The range of opportunities is further restricted by the size of most Chinese companies and their shareholder structures. Most of China’s privately owned companies are relatively small, at barely more than a decade old, and are still run by their founders.

“Chinese companies nearly always have a major shareholder, an entrepreneur usually in his forties, and the company is his baby,” said David Chin, head of investment banking in Asia for UBS AG. “The successful ones can get financing, via public markets or bank loans, rather than selling out.”

If there is a deal to be had, it is often pricey compared with transactions in developed countries, or the business in question is struggling.

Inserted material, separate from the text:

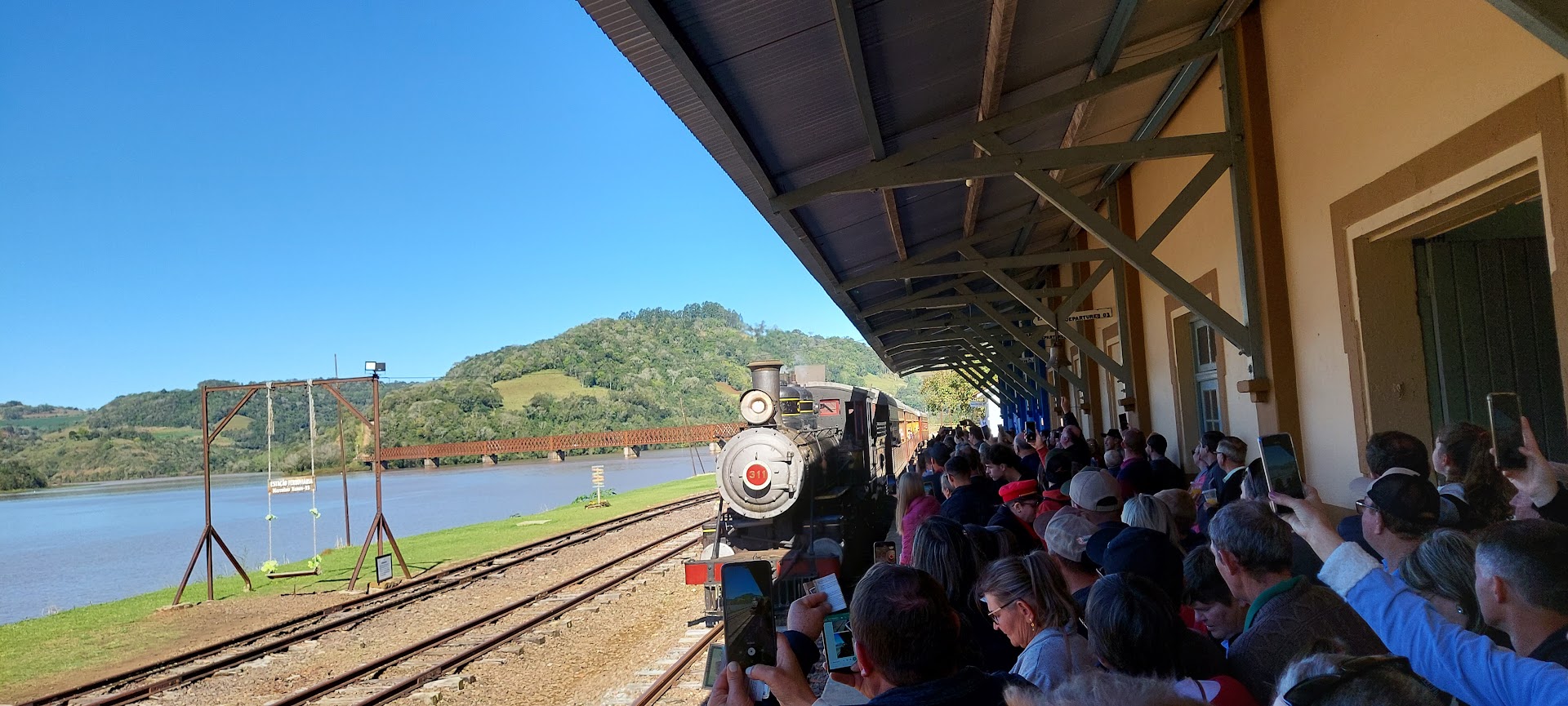 Read morePonto final no RS do passeio no Trem das Termas que percorre o trecho da antiga Ferrovia Rio Grande - São Paulo, partindo de Piratuba-SC. O ponto alto do passeio é a travessia da ponte sobre o Rio Uruguai. A estação em si é simples, sem lojas ou lanchonete, mas conta com banheiros. Uma escadaria antiga leva à cidade, terminando ao lado de um mercadinho e de frente para uma pequena praça em cujo entorno há a Igreja, o Banco do Brasil e um hotel. Atenção necessária nestes tempos de pandemia pois, apesar dos cartazes sobre uso de máscara nos vagões e disponibilidade de álcool em gel, estas medidas de higienização não são mencionadas na fala das atendentes e, pessoas sem máscara não são alertadas para as colocarem, deixando um ar de pouca atenção com a situação...

“Emerging market deals come at a price,” said Citigroup analysts in a note about Nestlé’s bid. Nestlé is paying 20 times Hsu Fu’s 2010 earnings before interest and taxes, a price that fully reflects China’s growth-market status, they added.

Politics may end up forcing buyers out even after the deal is completed. U.S. investment firm Blackstone Group LP has sold its stake in Dili Group Holdings Co., an operator of wholesale markets for agricultural produce, because it became too politically sensitive for a foreign firm to own a food-related company at a time of high inflation, said a person familiar with the matter. The portfolio company would have found it difficult to raise prices if Blackstone was a shareholder. Blackstone paid about US$190 million for its minority stake in Dili last year, he added. It wasn’t immediately clear if Blackstone booked a profit from the sale.

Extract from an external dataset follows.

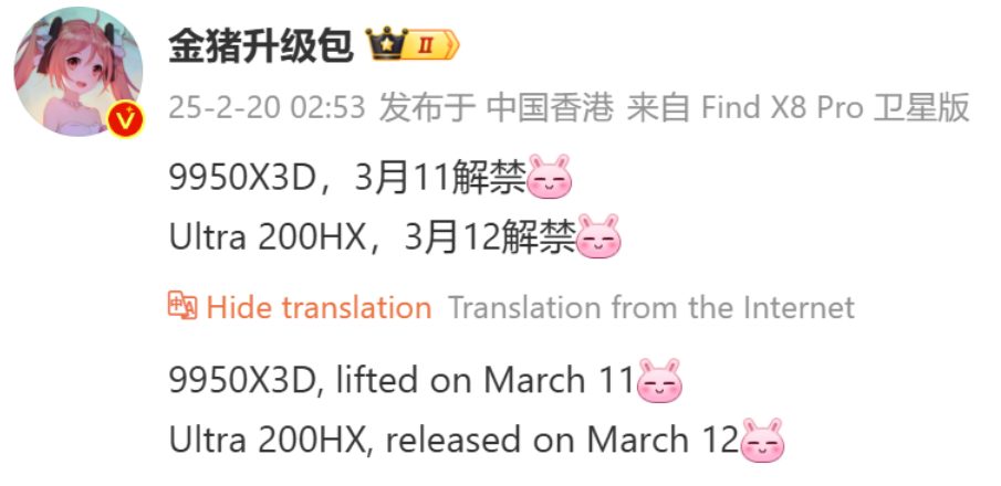 Ровно через три недели AMD снимет эмбарго на 12- и 16-ядерные процессоры Ryzen с технологией 3D V-Cache и архитектурой Zen 5. Этот запуск станет следующим этапом после выпуска 8-ядерного процессора Ryzen 9800X3D в ноябре. Ryzen 9800X3D по цене 479 долларов стал очень успешным запуском, и его доступность начала стабилизироваться только в текущем месяце. AMD обещает, что Ryzen 9 9950X3D станет самым быстрым 16-ядерным процессором для игр. Хорошая новость в том, что мы скоро узнаем, правда ли это, учитывая, что снятие запрета на обзоры теперь, как сообщается, назначено на 11 марта, согласно информации Golden Pig Upgrade. Портал Videocardz.com получили подтверждение, что дата запуска также определена, и неудивительно, что это произойдет на следующий день, 12 марта: Запуск AMD Ryzen 9 9000X3D: • 11 марта: Обзоры; • 12 марта: Запуск. Intel Core Ultra 200HX • 12 марта: Обзоры; • ?: Запуск. Утечка от Golden Pig также показывает, что Intel снимет эмбарго на свои процессоры Core Ultra 200HX Arro

There are reasons to expect M&A in China may get easier. China faces political pressure to open up to foreign investment and is keen to avoid a tit-for-tat scenario where Chinese companies’ deals overseas are blocked by foreign regulators, say bankers.

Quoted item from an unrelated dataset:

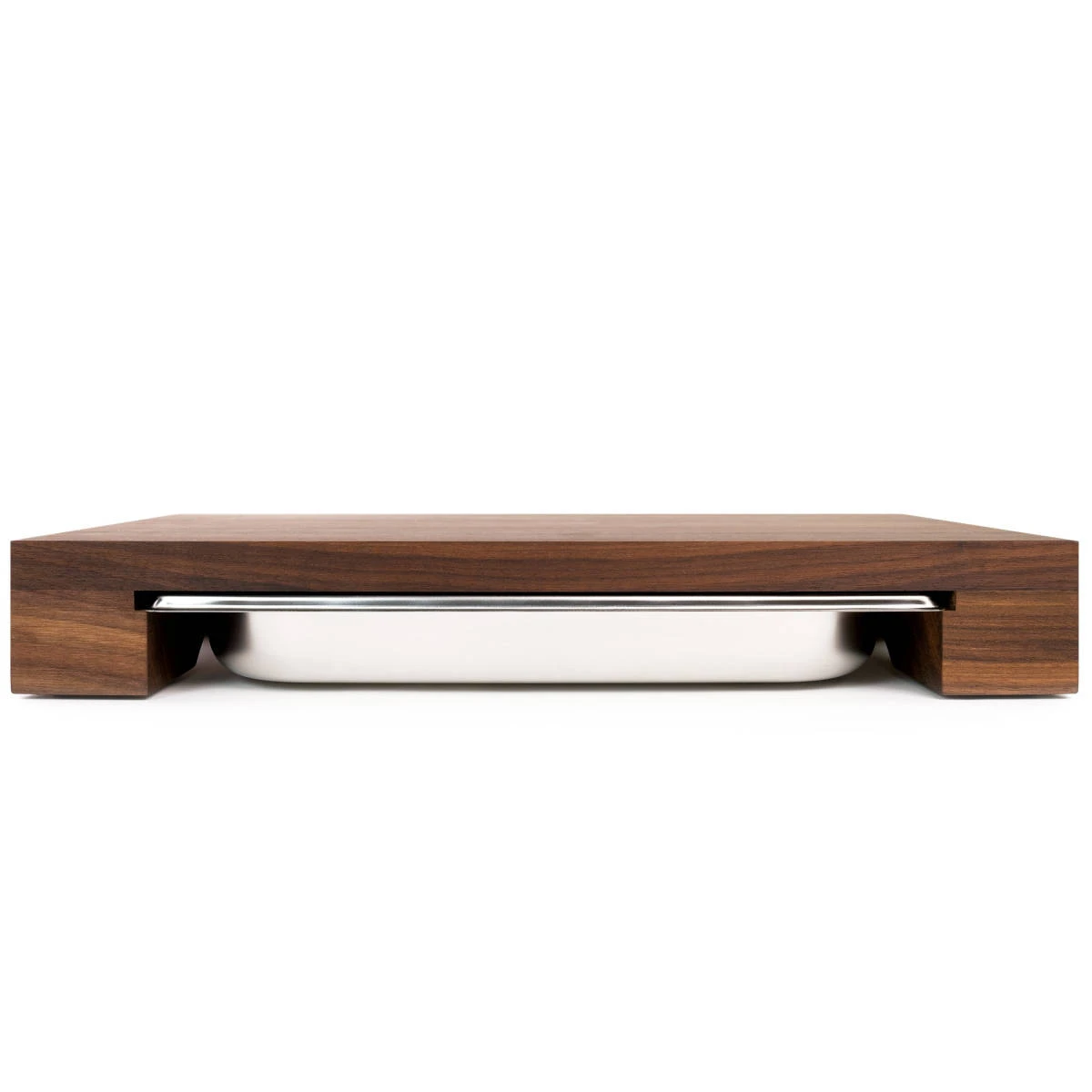Das Schneidebrett besteht aus , was für eine warme Optik sorgt und gleichzeitig Stabilität und Belastbarkeit garantiert. Die wird leichtgängig wie eine Schublade nach hinten und vorne herausgeschoben. Schält Obst und Gemüse, schneidet Euer Brot oder zerlegt Geflügel auf dem massiven Walnuss-Holzbrett, das Euch eine mit einer Größe von bietet. Alle Abfälle und Brotkrümel schiebt Ihr einfach in die Auffangwanne und schon sind sie aus dem Weg. Die Auffangwanne aus Edelstahl ist für die Spülmaschine geeignet.

A few deals have already won approval, including Diageo PLC’s takeover of a Sichuan maker of white spirits, an alcoholic drink, announced last month while Chinese Premier Wen Jiabao was visiting London. The British liquor giant agreed to pay about 140 million yuan (US$21.7 million) to increase its stake in Sichuan Chendu Quanxing Group Company Ltd. to 53% from 49%.

But for now, bankers remain prudent about future business. “As China becomes more important in the global order, transactions will increase, but one should still be very, very cautious and not believe that the gate is wide open,” said UBS’s Mr. Chin.